Стефания была убита: счастья её длилось недолго и снова она осталась одна: а “Фауст” был прав – император действительно больше не управляет, но почему всё осталось по-прежнему?”

И кто же всё-таки тот самый товарищ?..

====== Глава 36. Призрак бродит по Европе ======

“Вы снова здесь, изменчивые тени,

Меня тревожившие с давних пор,

Найдется ль наконец вам воплощенье,

Или остыл мой молодой задор?

Но вы, как дым, надвинулись, виденья,

Туманом мне застлавши кругозор.

Ловлю дыханье ваше грудью всею

И возле вас душою молодею.

Вы воскресили прошлого картины,

Былые дни, былые вечера.

Вдали всплывает сказкою старинной

Любви и дружбы первая пора.

Пронизанный до самой сердцевины

Тоской тех лет и жаждою добра,

Я всех, кто жил в тот полдень лучезарный

Опять припоминаю благодарно...”

(с) Гёте

8 мая 2017 г. Санкт-Петербург. РФ.

В последнее время ей не спалось по ночам. Обыкновенно бессонница сопровождает пожилых людей, паралитиков или тех, кого мучает психическая болезнь. Она относилась к третьему типу: работа требовала полной физической и моральной отдачи, не давала никаких послаблений и откатов – абсолютная ответственность за каждые свои шаги и решения. А значит, абсолютно такое же отношение у неё должно быть к окружающим людям, к обществу, к миру – взаимообратная, аналогичная связь. Никаких послаблений и вольностей: на войне как на войне. Но не спиться, ворочается в постели, утомительно и тяжело дышит. Она с силой закрывает глаза, сжимая в руках одеяло, но ничего не происходит – она не может спать.
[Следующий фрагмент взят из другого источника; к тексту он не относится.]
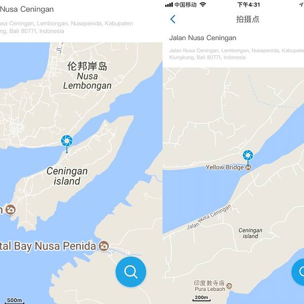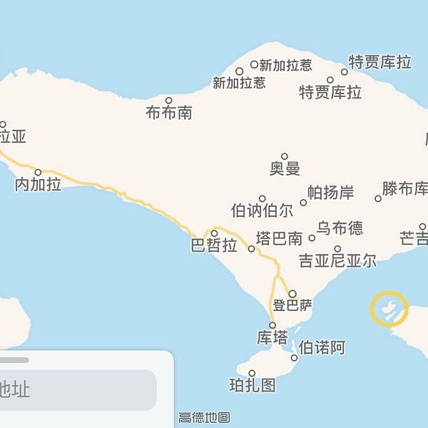 订住宿时出了一个乌龙:原计划订在 蓝梦岛 的别墅竟在 蓝梦岛 旁的金银岛上。塞翁失马,此金银岛非史蒂文森笔下的宝岛,亦非 斐济 的度假胜地,一番惊慌后方知晓金银岛是一个比 蓝梦岛 更小的离岛。▲图中最大的岛为 巴厘岛 ,我用黄色圆圈圈住的是 蓝梦岛 和金银岛。▲把圆圈内放大了看, 蓝梦岛 即为Nusa Lembongan,下方的Nusa Ceningan即金银岛。我们的民宿在金银岛的西南角,绝妙的日落观赏点。 展开
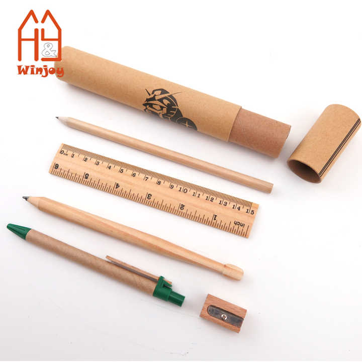 Fancy Latest Recycled School Office Stationery, China School Stationery Gift Set Eco Friendly Pen Ruler Pencil in Paper Tube

К психиатру не обращалась уже два года, а за это время выработался железный иммунитет к валерьянке и снотворному. Спокойствие духа выходило из-под контроля, а в таком бешеном ритме загубить его совсем не трудно. Вика понимала – скоро она доведёт себя до крайней кондиции и тогда будет не до импичмента, революции и прочего политического мусора. В голове лишь навязчивые идеи: план, решения, распри… Как достичь импичмента, как раскрутить партию, как влить её в секретариат ГосДумы, как протолкнуть туда больше народа. Фразы возникали обрывками, и чтобы продлить цепочку умозаключений требовалось умственное напряжение, сосредоточенность и свобода разума, но ни того ни другого не было. Закончилось воображение: она отдала всё, что знала, ничего не оставив себе. И даже вырвавшись из прежней жизни-каторги, девушка с ужасом понимала, что стала свободна от каторги внешней, но стала узницей совести, узницей разума, который вгонял в рамки. Ум за решёткой, а душа оставалась на свободе. Ей требовалась срочная медицинская консультация.